Она передала мне свою сумку и теперь стояла словно на сцене перед зрителями: деревьями, скалами, речкой, только не перед нами, нет.
— Хоть бы кто спросил, кого она удивить собралась… Ха! Губы накрасит и в туфлях на тоненьких каблучках — топ-топ. Эх ты, тикин Аревхат!.. Не вчера ли ты из деревни в город попала? «Наша ванна, наш ту-ва-лет, наш кран…» Подумаешь! Небось, если б сбегала раз по воду, задом не виляла бы… Бедный мальчишка-то наш отощал, воду им таская. Авет, убью! — завопила она вслед сыну, почти уже скрывшемуся с глаз вместе с собакой, и продолжила: — Если б она хоть родилась не в деревне…
Тещу моего товарища я знал.
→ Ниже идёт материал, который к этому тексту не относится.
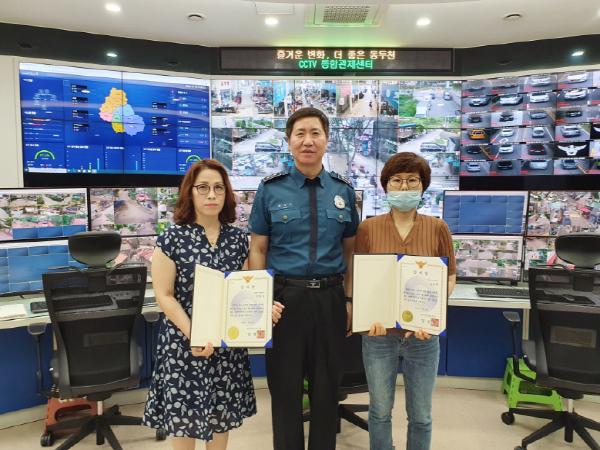 [KNT한국뉴스타임] 동두천시는 지난 7월 31일 동두천시 CCTV 통합관제센터에서 근무 중 자전거 절도범 검거에 기여한 관제요원 김??(42세,여), 안??(43세,여) 씨 2명에게 동두천경찰서장(김영진)의 감사장을 동두천경찰서 생활안전과장(최병구)이 전수했다고 밝혔다.

И знал давно. Но я ни разу не видел ее с накрашенными губами и не видел, чтобы она сидела без дела. И понадобилось же бедняжке краситься да прихорашиваться именно здесь!
— Да не принимай ты эти мелочи близко к сердцу, матушка Вардуш!
— Я вот и на этого дурачка злюсь. Мне привез туфли, отцу — брюки, Авету — рубашку… А где нам эти обновы показывать? В оперу не ходим. В чертовой штуковине той не бахвалимся, чтобы весь свет на нас таращился…
— В какой это чертовой штуковине? — спросил я.
— Да в телевизоре!
Это зазвучало как — «замолчи!». Я и замолчал. Она — тоже. Мы двинулись по узкой извилистой тропке к ущелью. Со дна ущелья доносилась воркотня стиснутой между скал речонки. Я с изумлением смотрел, как встает солнце, как постепенно светлеет ущелье, рассеиваются сгустки утренней мглы. Мать взяла у меня из рук сумку.
— Коли дашь телеграмму, приедет?
Я втянул голову в плечи.
— Пошли, сынок! Только отцу ни слова.
Мужские ее замашки вдруг исчезли.
— Считай, — она взяла меня за руку, — если сегодня пошлешь, он сегодня и получит, а вечером выедет и утром как раз поспеет на матах.
— Погоди, — сказал я, — давай присядем, отдохнешь немного и заодно расскажешь, из-за чего они вдруг уехали.
— А ты пошлешь телеграмму?
Она швырнула сумку на траву и уселась рядом.
— Значит, приехали они… Дети так выросли, так похорошели.
— Дальше?
— Побыли неделю, щеки у детей налились, как яблочки… Чтоб ни дна им, ни покрышки, родителям их…
— С чего же у вас нелады пошли?
— Нелады?.. Ах, да. Вечером, значит, спрашиваю, в каком вагоне ехали. А невестка — в мягком, мол. А я, что правда, то правда, не выдержала и говорю — если бы в жестком приехали, кости, что ли, переломали бы? — Мать повернулась, схватила меня за руку. — Это почему же, когда я в город отправляюсь, да еще сто кило поклажи на себе тащу, даже билета не покупаю? Суну что-нибудь проводнику, он и везет.
— Дальше?
— А дальше, Манук-джан, все я им выложила, что на сердце.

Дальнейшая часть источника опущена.